Это ведь были не его дети.
- Тогда давай разведемся, - потребовала я.
- Я не хочу оставлять детей без отца.
И тут мое терпение лопнуло.
- Лжец! Это ведь не твои дети. Их родила я от самого себя!
- Как это?
- Думаешь, я ничего не знаю?
И тогда он меня понял и на мгновение смутился.
- Так ты все знаешь?- тут же он пришел в себя и нагло усмехнулся. - Кто тебе поверит? Ты даже детям не можешь это рассказать. Ахилл, иди сюда. Мама тебе хочет что-то сказать.

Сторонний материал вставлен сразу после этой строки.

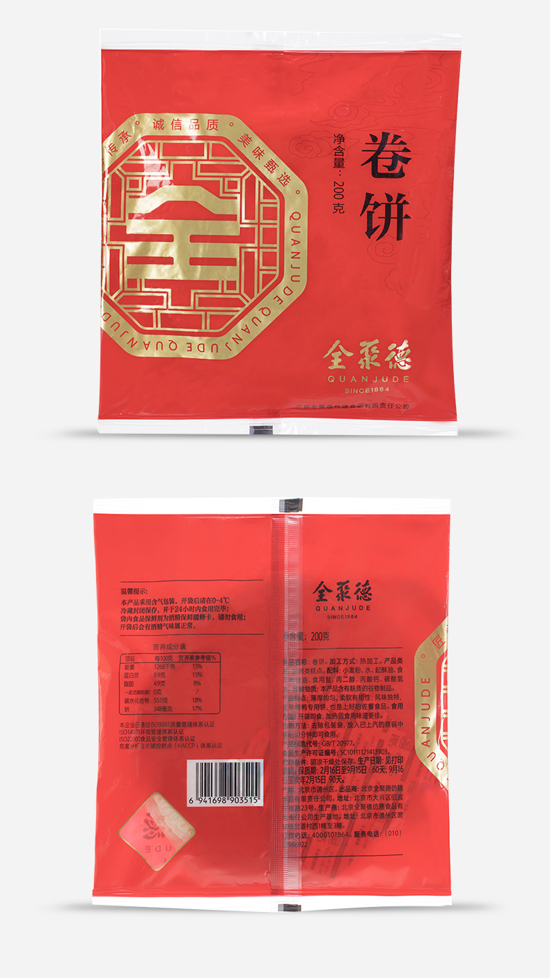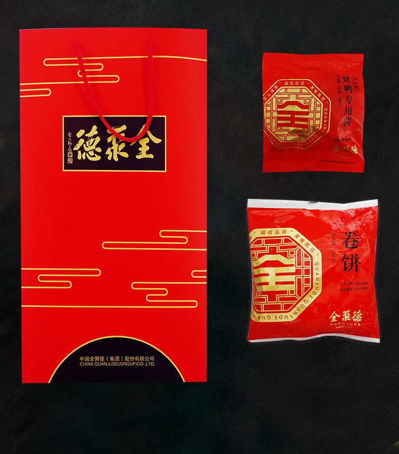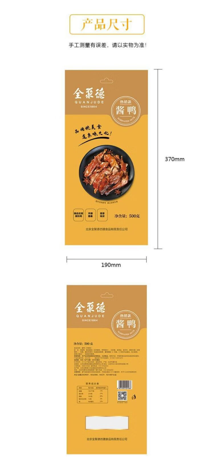 商品名称:全聚德特产北京特产 酱鸭500g+酱+饼+手提袋套 香槟黄

Он издевался. И после этого стал совсем невыносим. А ночью мне приснился странный сон. Я видела высокую, узкую лестницу, с которой я сталкивала этого человека, и он катился вниз, складываясь пополам с какой-то металлической точностью. Он лежал на нижней площадке, и из этой бесформенной кучи торчала его рука, будто флаг на руинах. Я лежала в постели и думала. Как слепы женщины, когда они мужчины! Кого я убивала в этом сне? Самого себя, мужчину. Если можно слышать себя, если можно видеть себя, если можно говорить с собою, то можно и убить себя. Я должно это сделать. Я должно убить себя, чтобы стать Оно. Я долго думало об этом.
Недалеко от нашего дома был найден труп мужчины в кожаной кепке. Он был задушен. Галстуком. Нас спросили, не знаем ли мы этого человека. Мы с мужем дружно ответили:
- Нет!
После этого муж усмехнулся и подмигнул мне. Четыре человека участвовали в этой невероятной истории. Эпикурский и Харон мертвы. Остались двое. Платон и Диана.
Вечером Платон пришел пьяный и гордый. Уж не знаю, чем он гордился. Я подсыпала ему снотворное. Он лежал на нашей постели и безобразно храпел. А затем Я взяло подушку, накрыло его лицо и придавило. Он даже не проснулся. Платон умер от остановки сердца. Теперь Я могло написать «Камасутру души» и унести свою тайну в Оно.